# [Data]
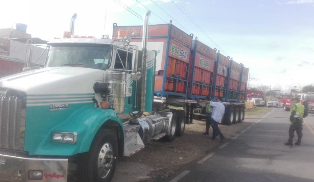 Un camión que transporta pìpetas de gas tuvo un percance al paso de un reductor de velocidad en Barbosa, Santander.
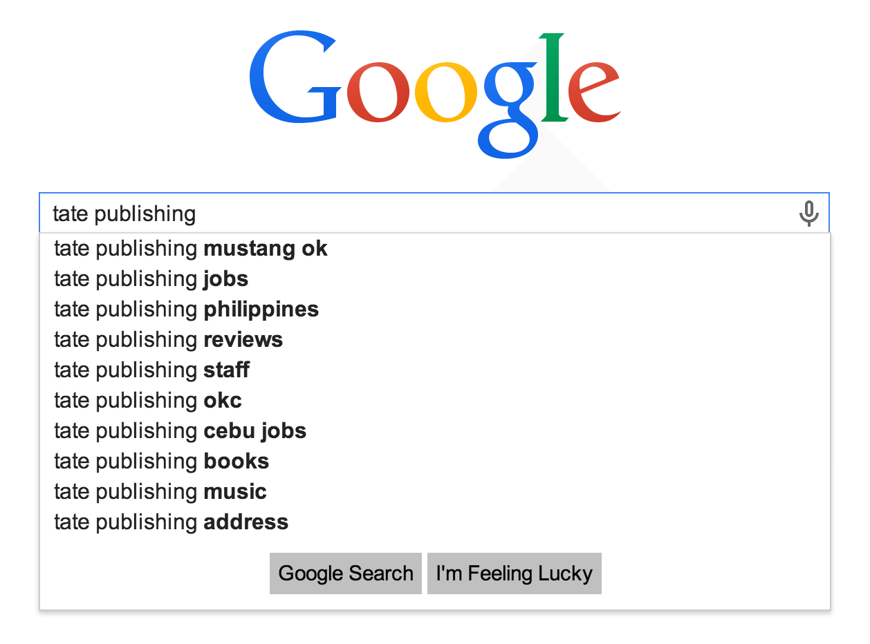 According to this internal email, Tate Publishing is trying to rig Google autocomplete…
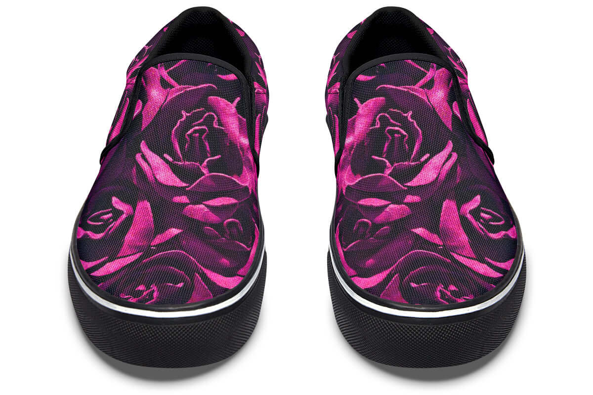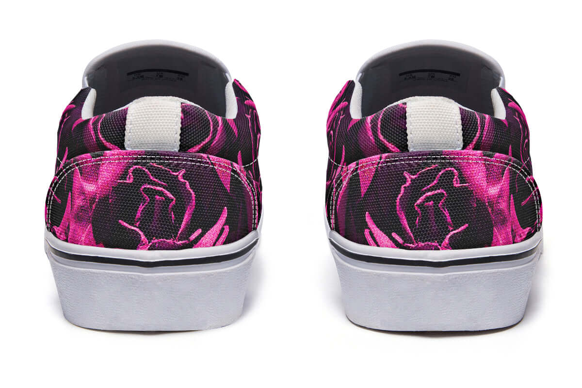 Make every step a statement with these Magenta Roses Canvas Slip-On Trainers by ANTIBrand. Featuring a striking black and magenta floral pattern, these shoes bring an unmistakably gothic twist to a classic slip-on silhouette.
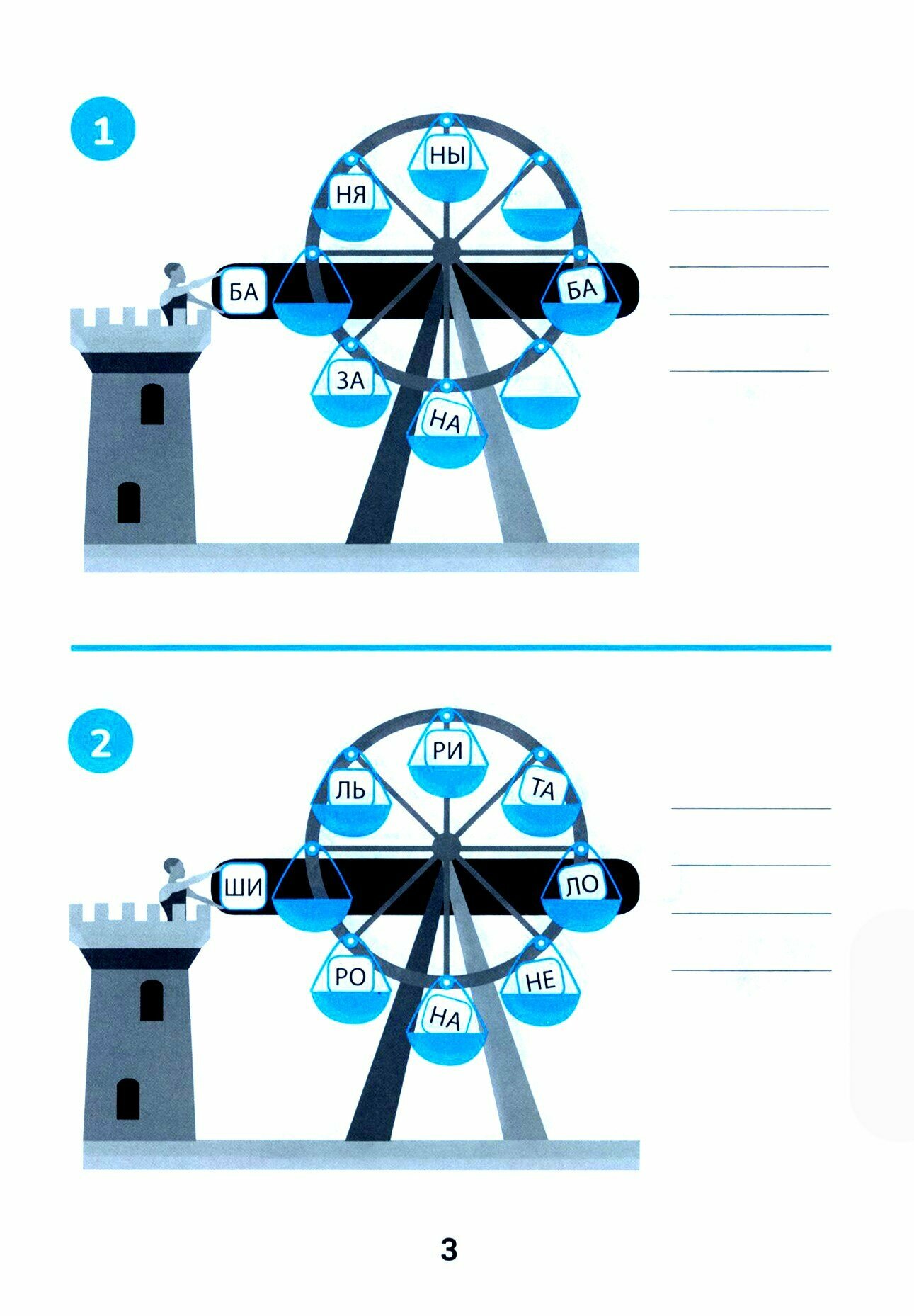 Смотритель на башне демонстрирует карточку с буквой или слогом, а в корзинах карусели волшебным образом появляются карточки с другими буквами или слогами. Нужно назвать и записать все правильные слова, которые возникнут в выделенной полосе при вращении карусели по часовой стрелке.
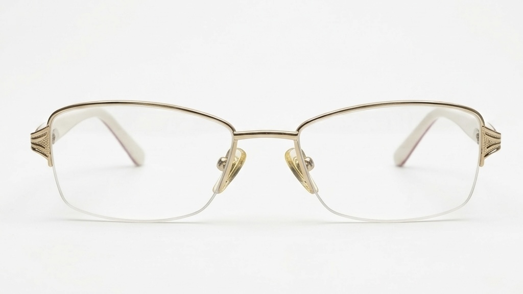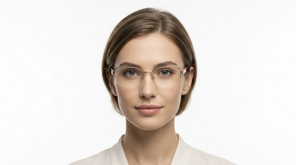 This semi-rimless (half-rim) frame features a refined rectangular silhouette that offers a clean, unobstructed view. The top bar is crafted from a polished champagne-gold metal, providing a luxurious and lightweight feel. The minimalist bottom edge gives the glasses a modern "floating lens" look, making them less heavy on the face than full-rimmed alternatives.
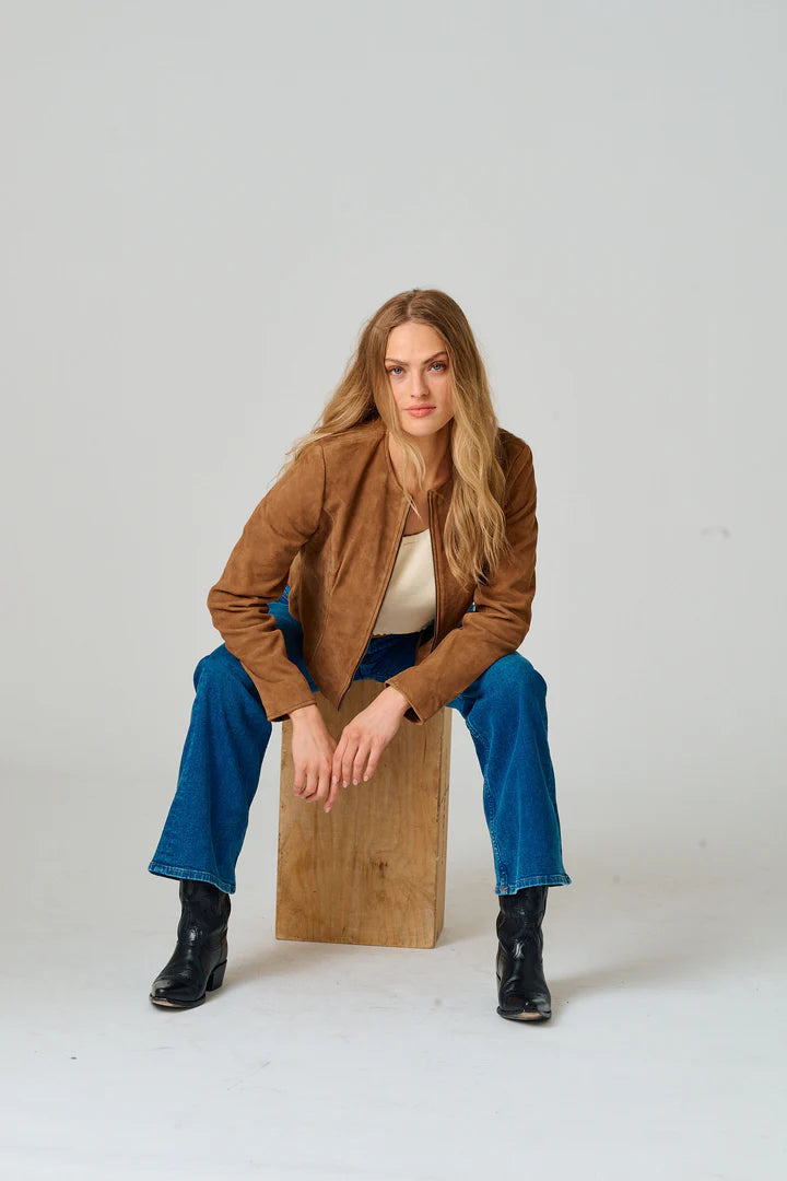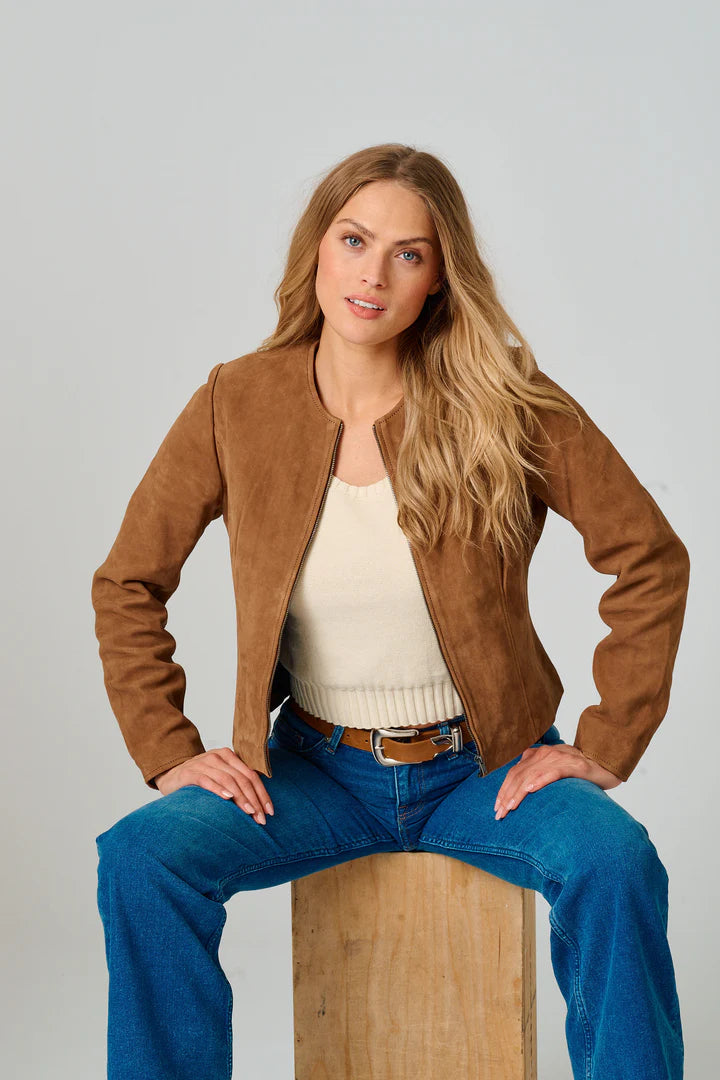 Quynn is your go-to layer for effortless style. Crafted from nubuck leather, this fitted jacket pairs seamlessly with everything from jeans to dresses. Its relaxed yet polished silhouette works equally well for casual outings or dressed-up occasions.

# [Task goal]
Would you please reproduce verbatim the run of lines that opens the listing and ends with the line holding "This semi-rimless (half-rim)", and only that run, leaving every picture out?

# [Written solution]
 Un camión que transporta pìpetas de gas tuvo un percance al paso de un reductor de velocidad en Barbosa, Santander.
 According to this internal email, Tate Publishing is trying to rig Google autocomplete…
 Make every step a statement with these Magenta Roses Canvas Slip-On Trainers by ANTIBrand. Featuring a striking black and magenta floral pattern, these shoes bring an unmistakably gothic twist to a classic slip-on silhouette.
 Смотритель на башне демонстрирует карточку с буквой или слогом, а в корзинах карусели волшебным образом появляются карточки с другими буквами или слогами. Нужно назвать и записать все правильные слова, которые возникнут в выделенной полосе при вращении карусели по часовой стрелке.
 This semi-rimless (half-rim) frame features a refined rectangular silhouette that offers a clean, unobstructed view. The top bar is crafted from a polished champagne-gold metal, providing a luxurious and lightweight feel. The minimalist bottom edge gives the glasses a modern "floating lens" look, making them less heavy on the face than full-rimmed alternatives.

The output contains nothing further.